Die AfD verlor gegenüber der vorherigen Bundestagswahl insgesamt 2,3 Prozentpunkte und bleibt mit insgesamt 9,0 Prozent der Zweitstimmen fünftstärkste Partei in der Doppelstadt. Die meisten Wähler mobilisierte die Partei in der Johann-Peter-Hebelschule in Tiengen mit 15,5 Prozent, die wenigsten in der Gemeindehalle Eschbach mit knapp vier Prozent. Die AfD-Kandidatin Andrea Zürcher aus Stühlingen holte mit 15,6 Prozent ihr bestes Ergebnis im Klettgau-Gymnasium in Tiengen, die wenigsten Wähler überzeugte die 38-jährige Referentin auch bei den Erststimmen in der Gemeindehalle Eschbach mit knapp vier Prozent.
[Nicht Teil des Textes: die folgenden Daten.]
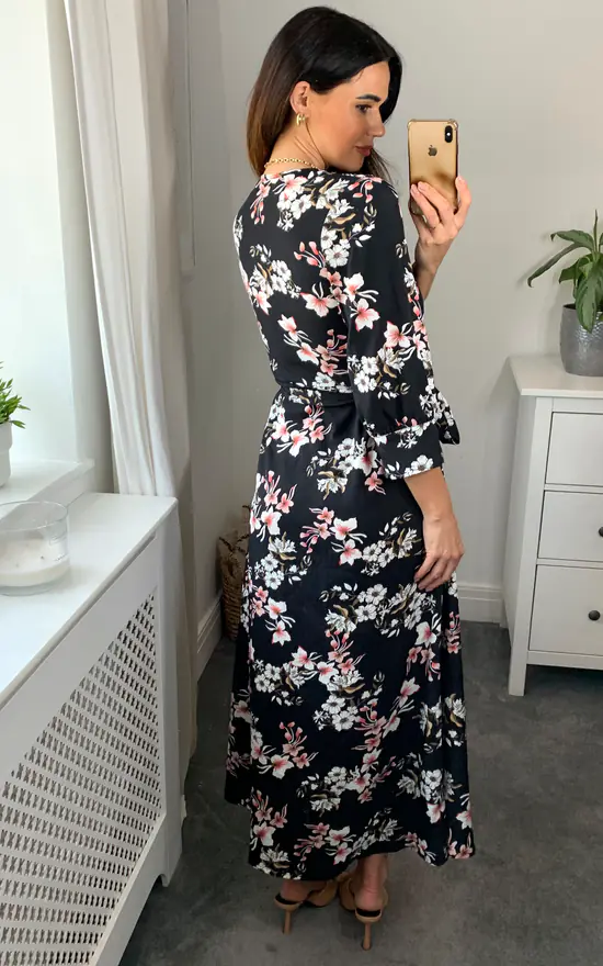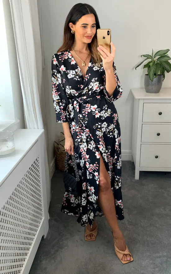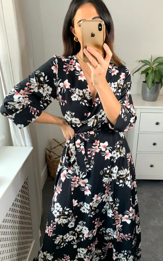 Your wardrobe refresh is here with our new black floral midi dress! Printed in a feminine floral pattern in black with white and pink. The wrap around shape is flattering for all body shapes. This dress is perfect for weddings, the races or any special occassion. Team this dress with some slip on open toe heels and a small bag to complement.
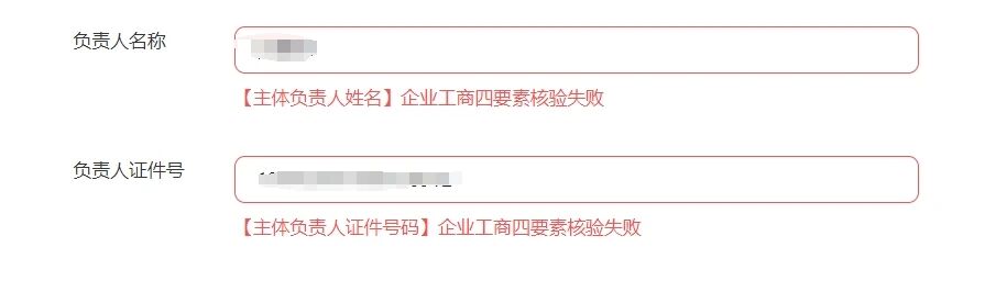 微信小程序,点击去备案,上传主体负责人信息,提示企业工商四要素核验失败。上传的是法人的身份证信息和号码,请检查一下。
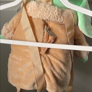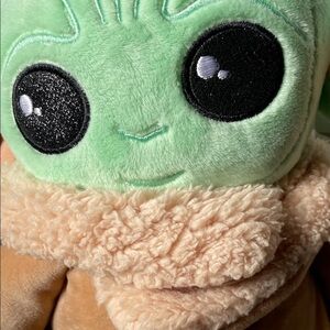 Soft green plush head and hands with tan cozy jacket. Comfortable and lightweight for anyone to carry and add to a Star Wars outfit.
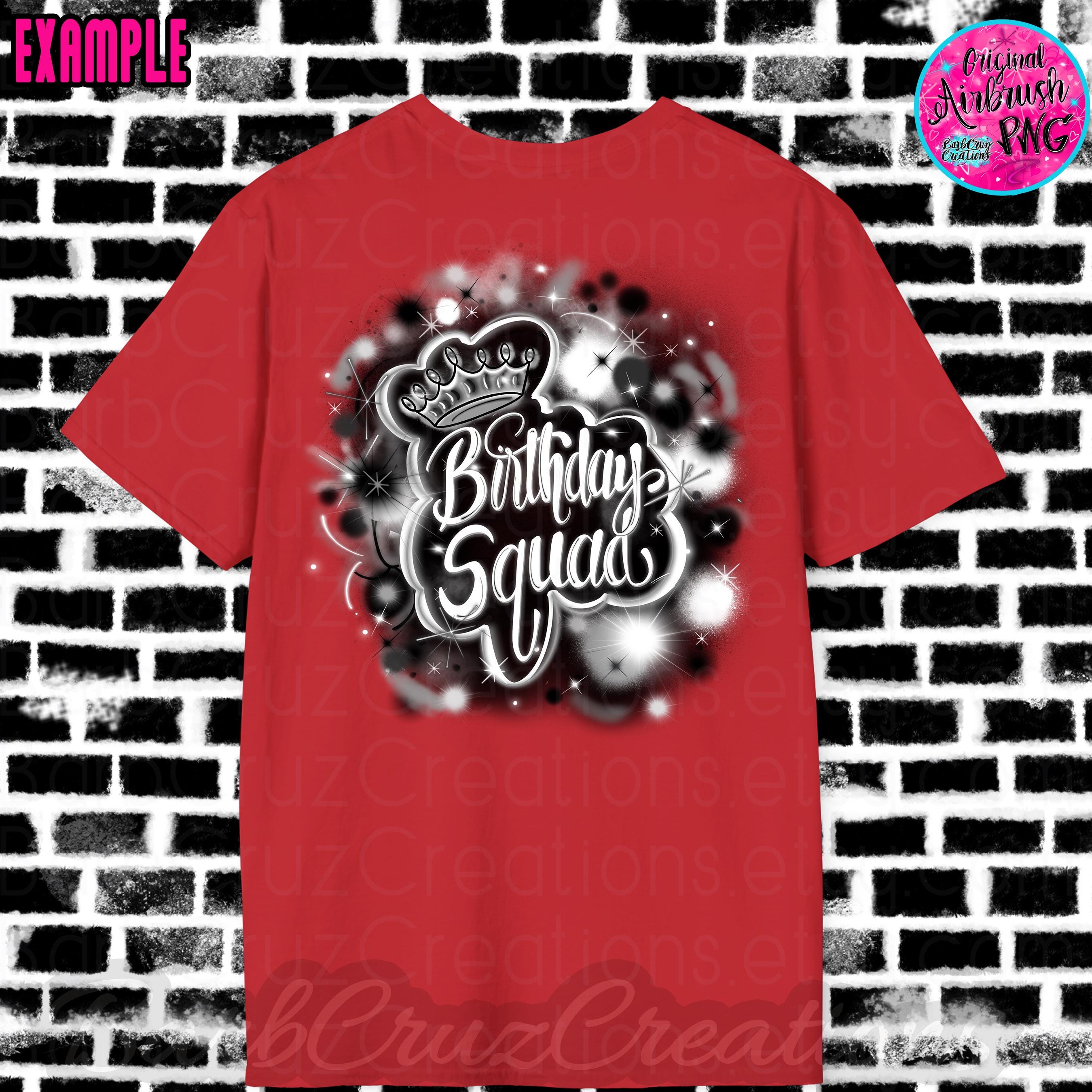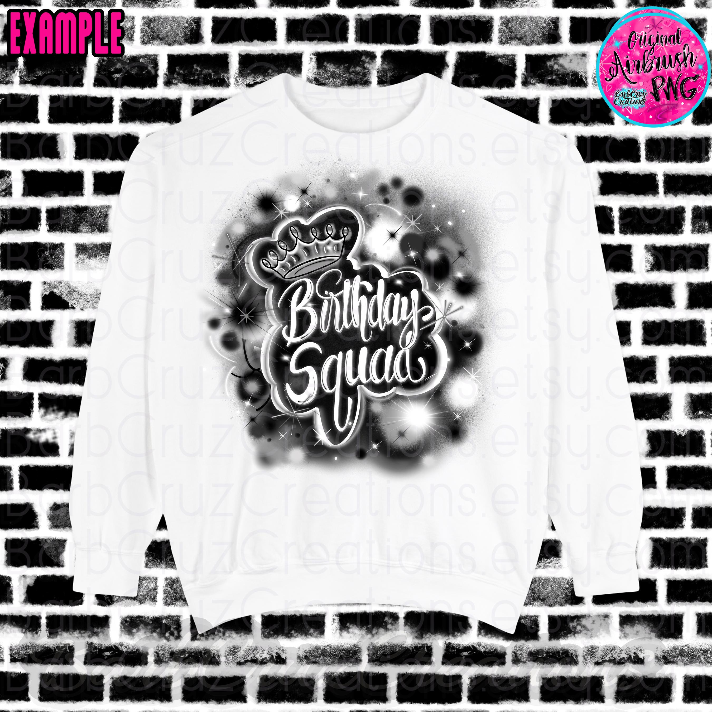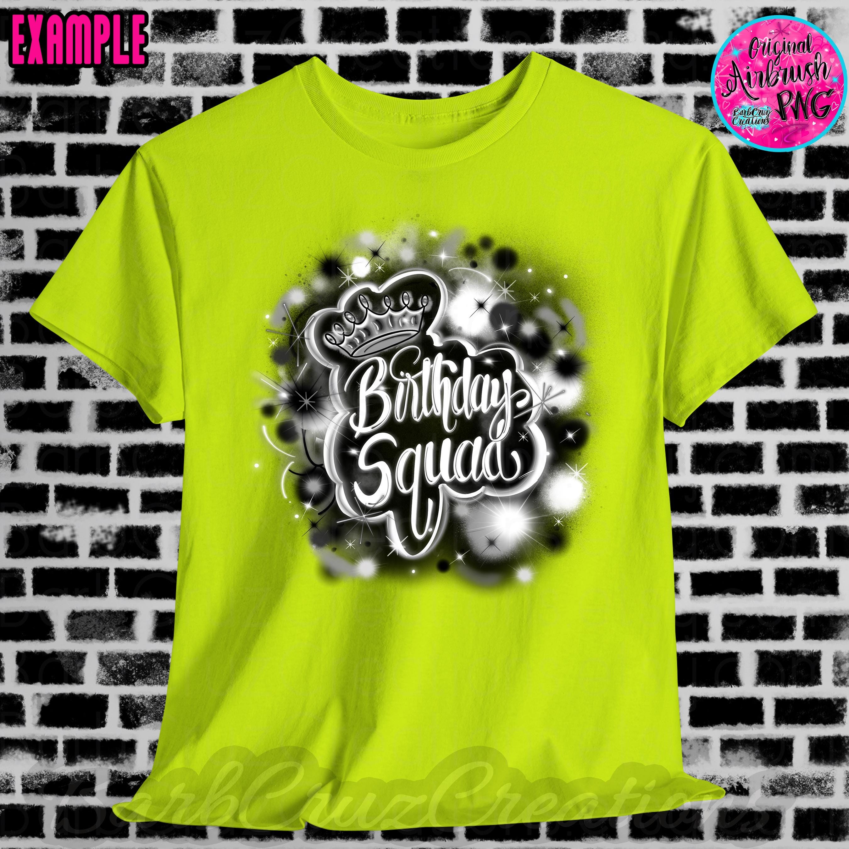 Airbrush png, Birthday Squad, Sublimation Designs, Digital Downloads, invitation, black, Graffiti, family birthday shirt, 90's, 2000's, crew
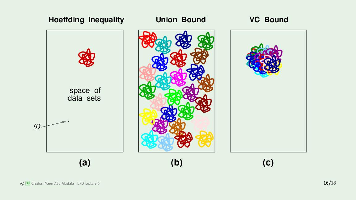 $$ \begin{aligned} \mathbb P [ |E_{in}(g) - E_{out}(g)| & > \varepsilon] \leq 2\ M\ e^{-2\varepsilon^2 N} \quad \text{(Union bound)} \ & \Downarrow \text{(Not quite)} \ \mathbb P [ |E_{in}(g) - E_{out}(g)| & > \varepsilon] \leq 2\ m_{\mathcal H}(N)\ e^{-2\varepsilon^2 N} \ \end{aligned} $$
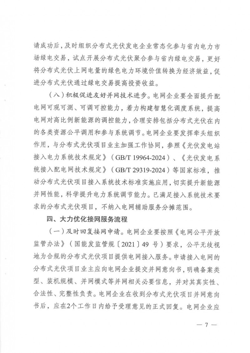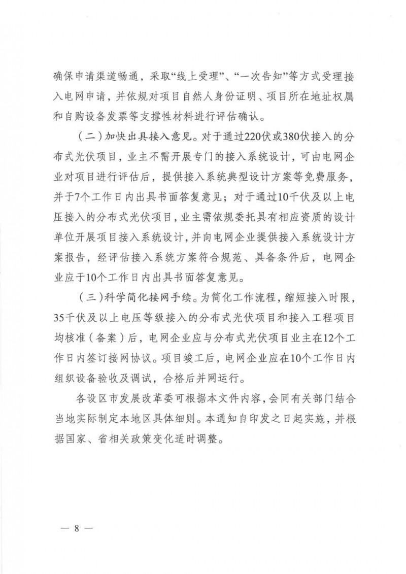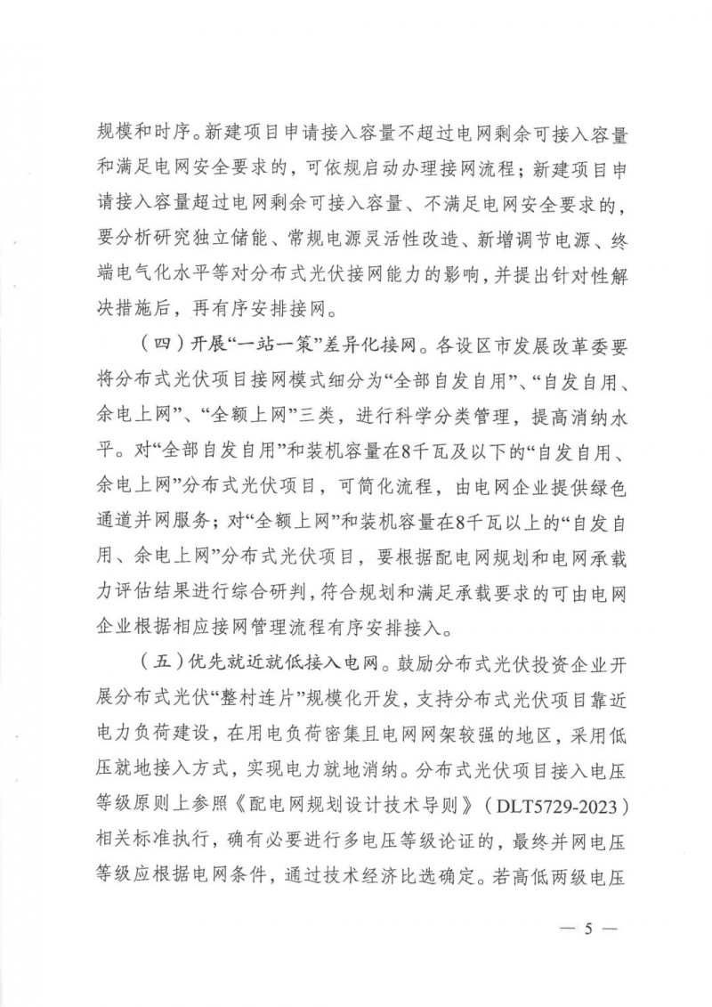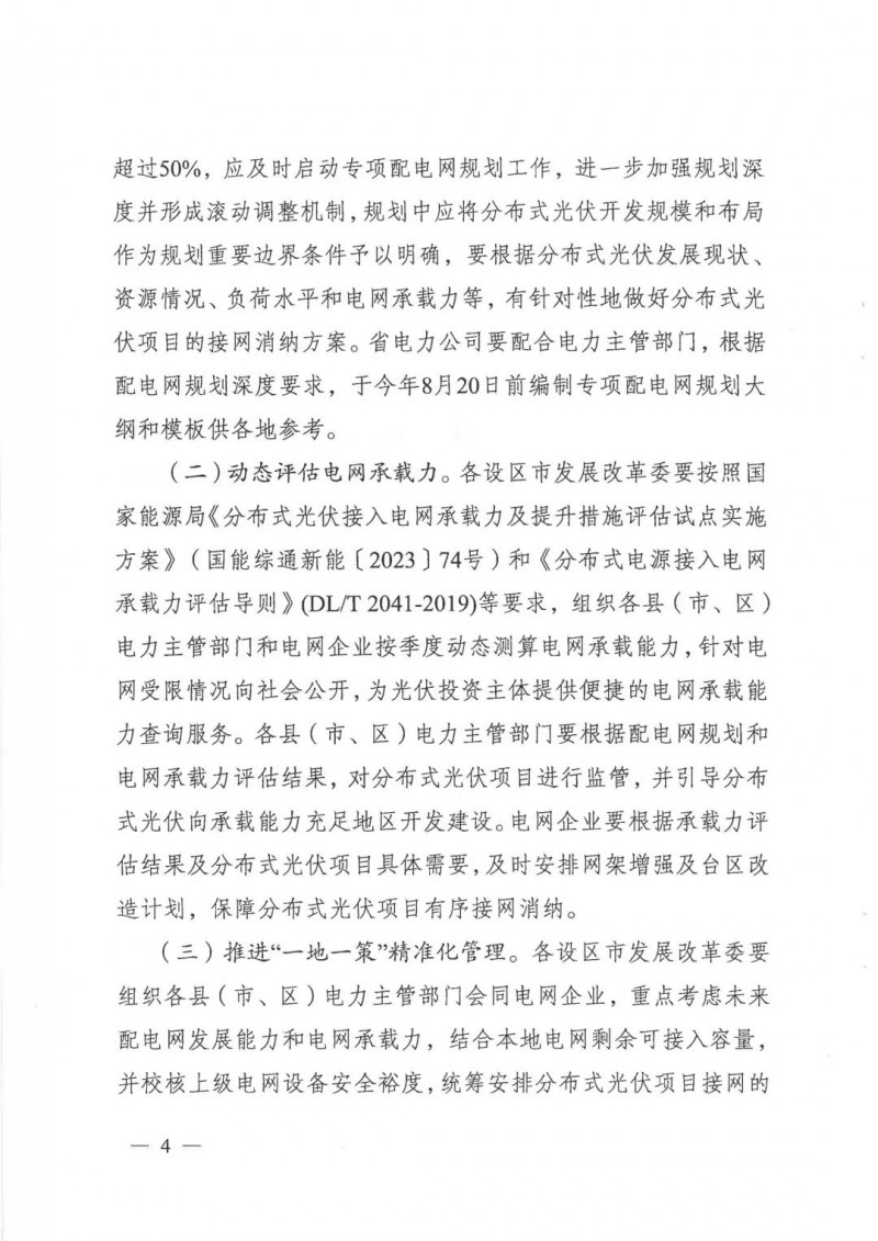 推進“一地一策”精準化管理。各設區市發展改革委要組織各縣(市、區)電力主管部門會同電網企業,重點考慮未來配電網發展能力和電網承載力,結合本地電網乘余可接入容量,并校核上級電網設備安全裕度,統籌安排分布式光伏項目接網的規模和時序。新建項目申請接入容量不超過電網剩余可接入容量和滿足電網安全要求的,可依規啟動辦理接網流程;新建項目申請接入容量超過電網剩余可接入容量、不滿足電網安全要求的,要分析研究獨立儲能、常規電源靈活性改造、新增調節電源、終端電氣化水平等對分布式光伏接網能力的影響,并提出針對性解決措施后,再有序安排接網。
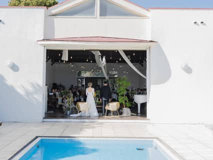 パーティ会場には、プール付きのテラススペース付き!どこを切り取ってもフォトジェニックな空間がたくさん。
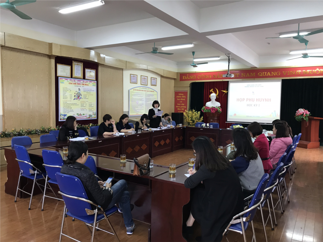 Trong buổi họp với Ban đại diện phụ huynh học sinh các lớp, đồng chí Trần Thị Hoàng Lâm – Bí thư chi bộ - Hiệu trưởng nhà trường đã thông qua báo cáo sơ kết học kỳ I năm học 2017 - 2018 và đưa ra phương hướng hoạt động trong học kỳ II. Đồng chí Hiệu trưởng cũng gửi những lời cảm ơn tới toàn thể phụ huynh đã luôn đồng hành bên cô và trò nhà trường trong suốt học kì I và mong muốn tiếp tục nhận được sự ủng hộ, đồng hành của các bậc phụ huynh trong các hoạt động của học kỳ II. Đại diện phụ huynh học sinh các lớp cũng đã đưa ra những ý kiến đóng góp trên tinh thần xây dựng, những lời động viên khích lệ ghi nhận những thành tích của nhà trường về các phong trào thi đua, chất lượng chăm sóc giáo dục trẻ và sự phát triển, tiến bộ của học sinh.
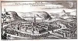 La création d'un présidial et d'une cour de justice en 1566, avec toute l'importance que cela eut pour l'application du droit en Thuringe, sont liées à ces événements. L'arrivée de l'imprimerie, qui gagna la région au début du XVIe siècle, est, elle aussi, liée à la création de l’université : au début du XVIIe siècle, Iéna tenait, pour le nombre de livres imprimés, la troisième place derrière Leipzig et Wittemberg[1]. Même après le partage de 1572, l’université demeura sous protection des Ernestins, alors que la ville était annexée au duché de Weimar.
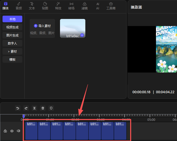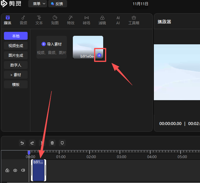 素材导入软件后,需要将素材添加到下方的轨道才能进行编辑。
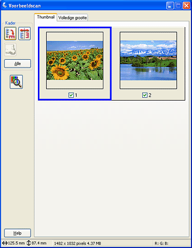 Met een miniatuurvoorbeeld kunt u een voorbeeldscan bekijken van meerdere afbeeldingen in het klein. EPSON Scan lokaliseert automatisch de verschillende opnamen en past de functie Automatische belichting toe op elke afzonderlijke opname. U kunt elke afbeelding afzonderlijk wijzigen en tal van overige aanpassingen doorvoeren.

Die Linke erzielte in fast allen Stimmbezirken unter fünf Prozent. Ihr höchstes Ergebnis bei den Zweitstimmen fuhr die Partei mit 5,38 Prozent im Hochrhein-Gymnasium in Waldshut ein. Ihr niedrigstes Ergebnis lag im Pfarrsaal Waldkirch mit 0,65 Prozent. Insgesamt kam die Partei auf 2,9 Prozent, was einem Rückgang um 2,9 Prozentpunkte gegenüber 2017 entspricht. Kandidat Robert Kuhlmann aus Grenzach-Wyhlen konnte mit 5,4 Prozent die meisten Wähler in Indlekofen überzeugen. In der CDU-Hochburg Aichen stimmte kein einziger Wähler für den Linken.